• [Supplied entries]:
- - - - - - -
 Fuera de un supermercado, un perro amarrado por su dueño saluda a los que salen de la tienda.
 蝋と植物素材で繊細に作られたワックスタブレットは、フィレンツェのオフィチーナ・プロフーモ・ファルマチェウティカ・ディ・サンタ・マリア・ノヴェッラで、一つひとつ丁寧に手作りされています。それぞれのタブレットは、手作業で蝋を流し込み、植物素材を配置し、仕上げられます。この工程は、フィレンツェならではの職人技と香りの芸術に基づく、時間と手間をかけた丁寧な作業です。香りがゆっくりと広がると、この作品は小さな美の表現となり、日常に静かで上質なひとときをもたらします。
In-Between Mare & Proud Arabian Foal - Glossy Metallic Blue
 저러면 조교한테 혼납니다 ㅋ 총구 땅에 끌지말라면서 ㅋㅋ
- - - - - - -
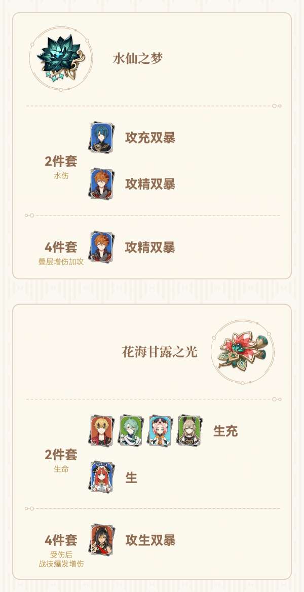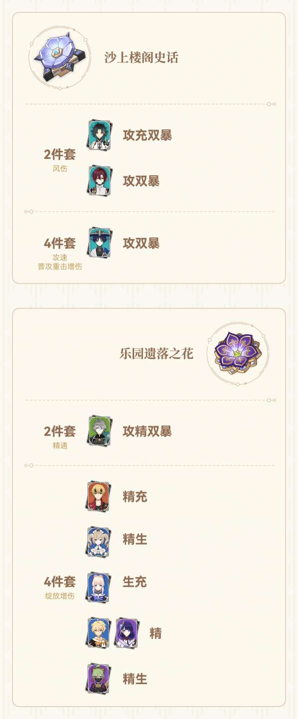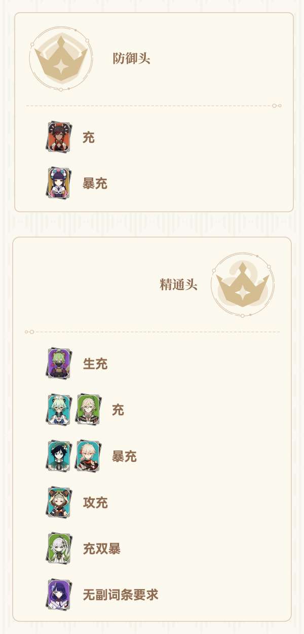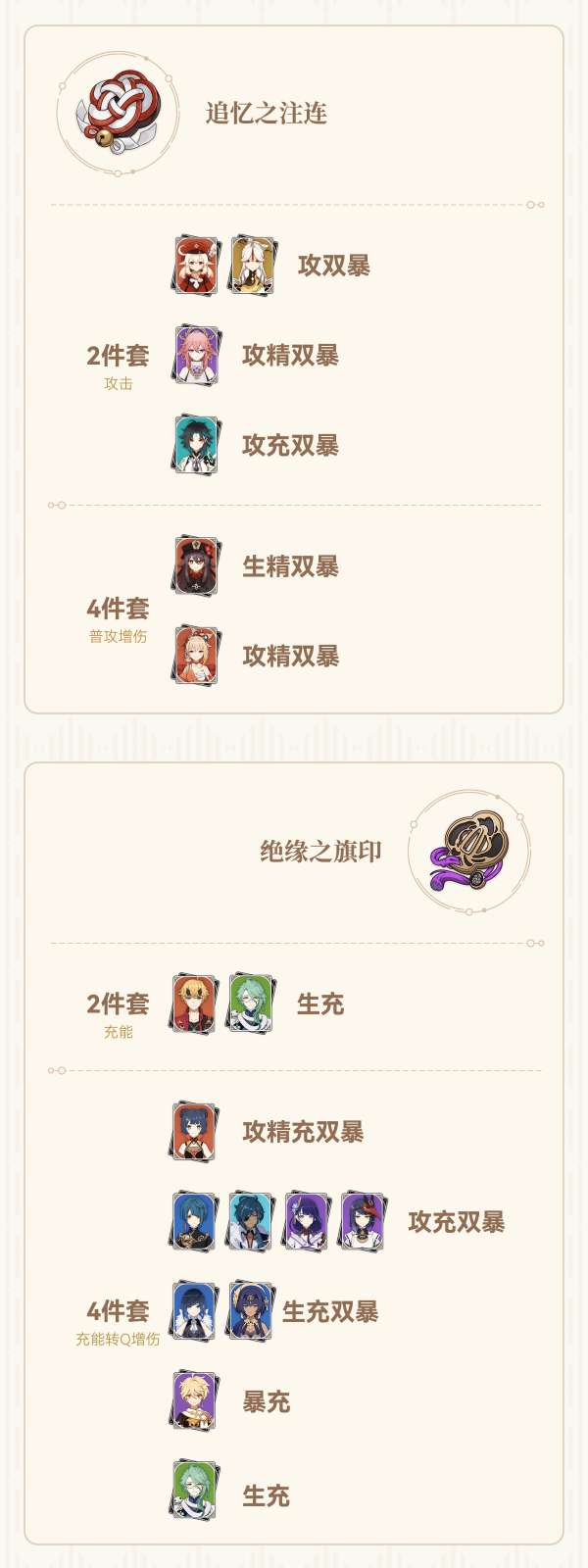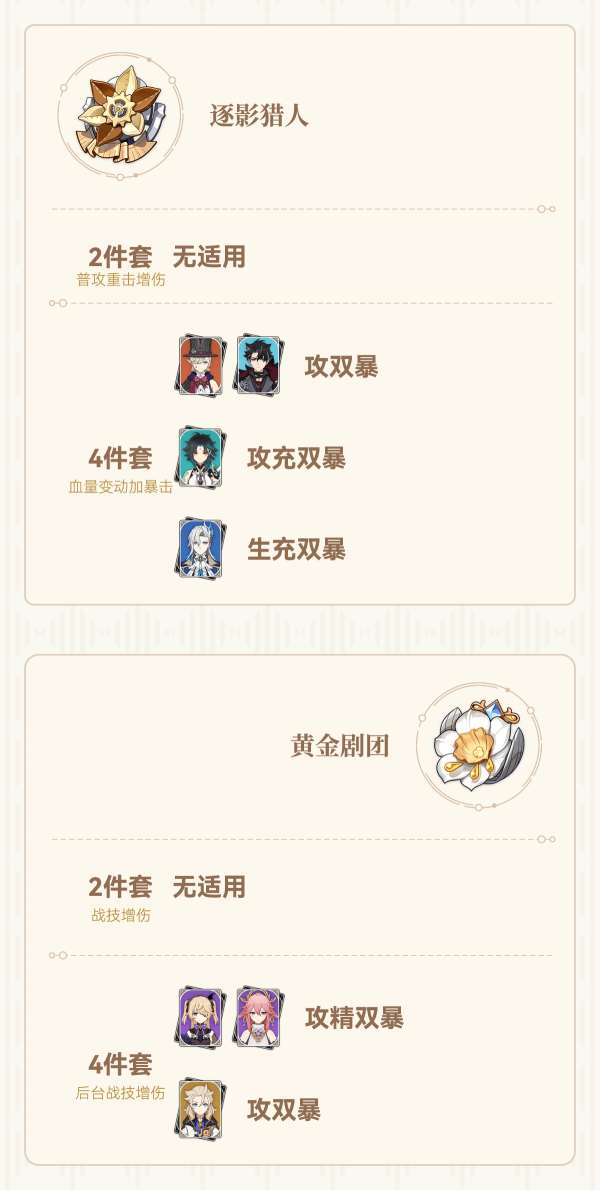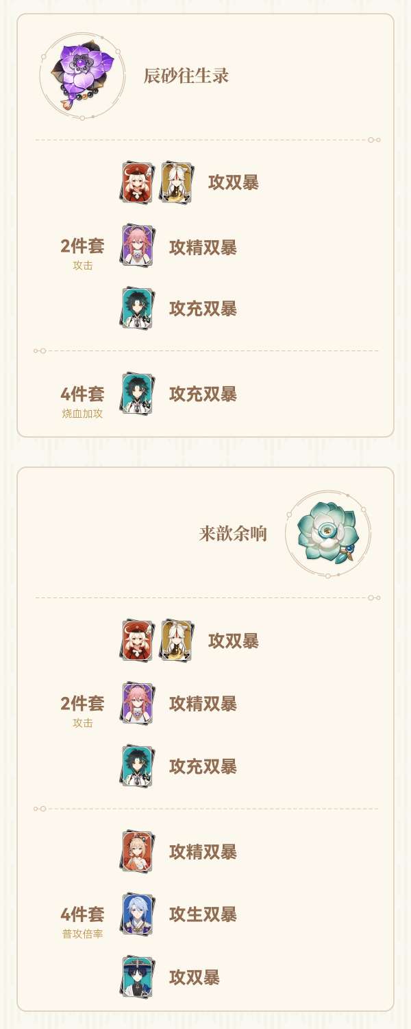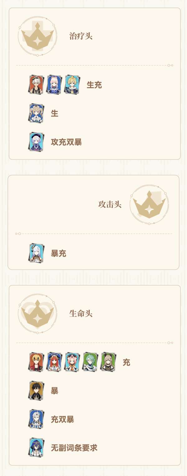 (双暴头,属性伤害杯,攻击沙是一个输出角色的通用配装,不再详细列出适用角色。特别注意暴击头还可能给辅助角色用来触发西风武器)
- - - - - - -
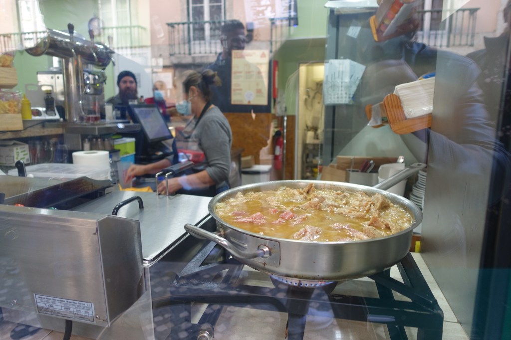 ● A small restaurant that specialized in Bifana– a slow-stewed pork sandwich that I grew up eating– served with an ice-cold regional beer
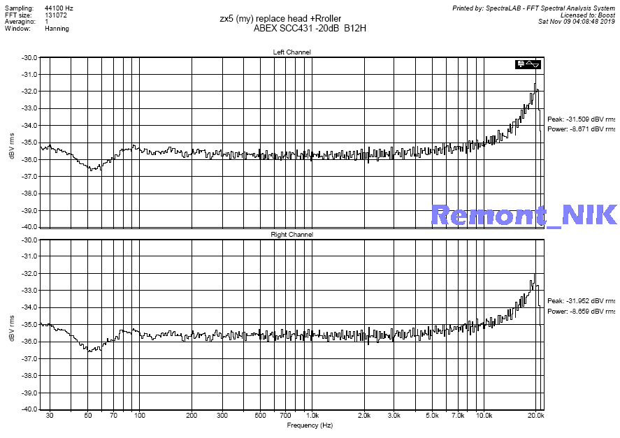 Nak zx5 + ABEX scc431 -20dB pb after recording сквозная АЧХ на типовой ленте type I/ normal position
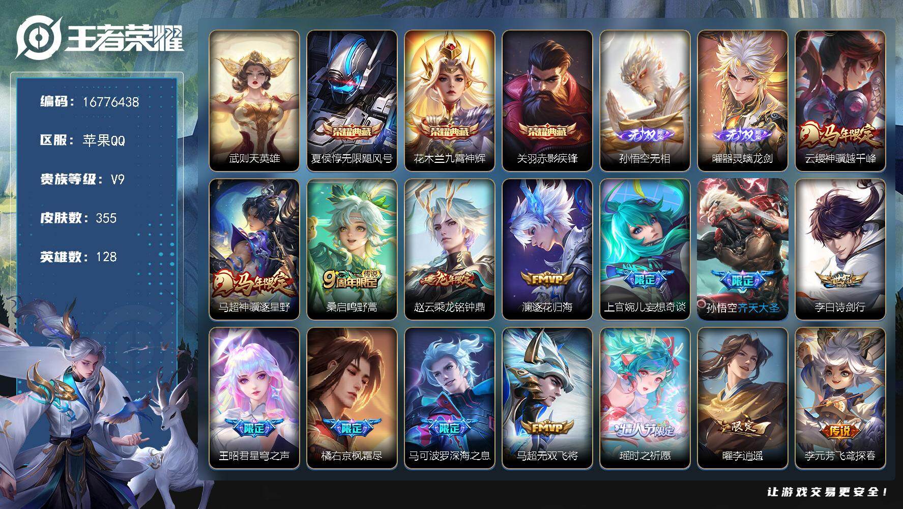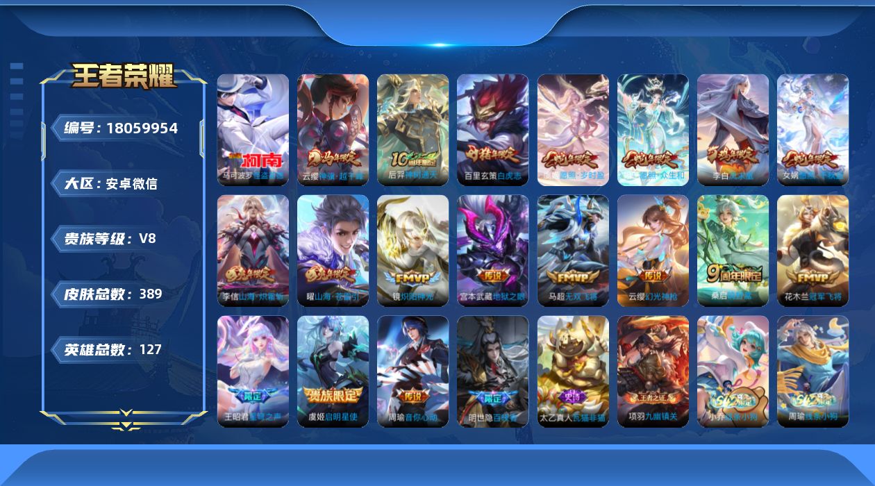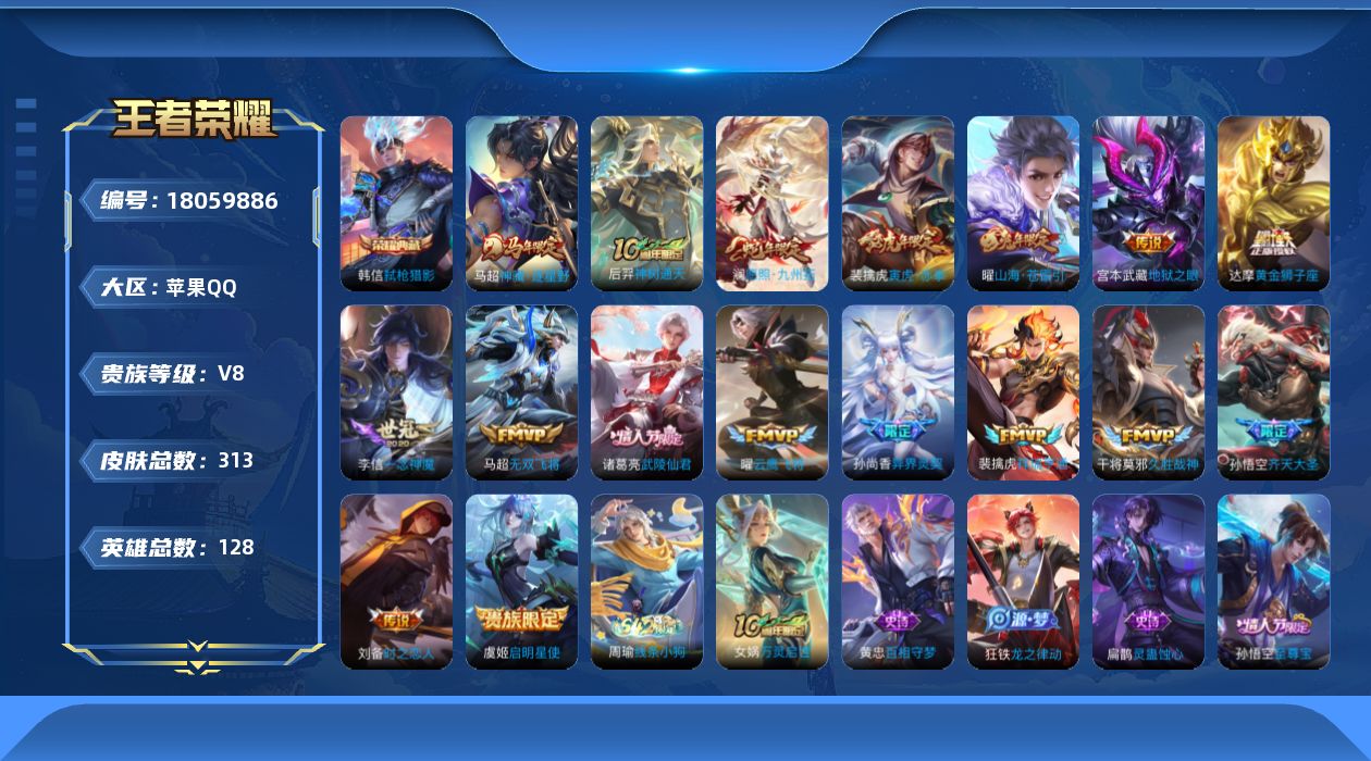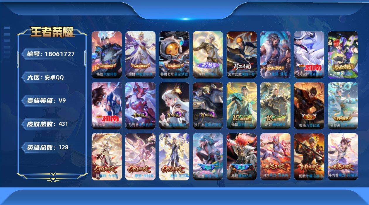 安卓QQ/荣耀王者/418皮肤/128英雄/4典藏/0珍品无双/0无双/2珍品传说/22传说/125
- - - - - - -
• [Your goal]:
Print, without alteration, only the lines above between the one holding "Fuera de un" and the one holding "저러면 조교한테 혼납니다 ㅋ 총구 땅에 끌지말라면서 ㅋㅋ", inclusive.

• [Result of this exercise]:
 Fuera de un supermercado, un perro amarrado por su dueño saluda a los que salen de la tienda.
 蝋と植物素材で繊細に作られたワックスタブレットは、フィレンツェのオフィチーナ・プロフーモ・ファルマチェウティカ・ディ・サンタ・マリア・ノヴェッラで、一つひとつ丁寧に手作りされています。それぞれのタブレットは、手作業で蝋を流し込み、植物素材を配置し、仕上げられます。この工程は、フィレンツェならではの職人技と香りの芸術に基づく、時間と手間をかけた丁寧な作業です。香りがゆっくりと広がると、この作品は小さな美の表現となり、日常に静かで上質なひとときをもたらします。
In-Between Mare & Proud Arabian Foal - Glossy Metallic Blue
 저러면 조교한테 혼납니다 ㅋ 총구 땅에 끌지말라면서 ㅋㅋ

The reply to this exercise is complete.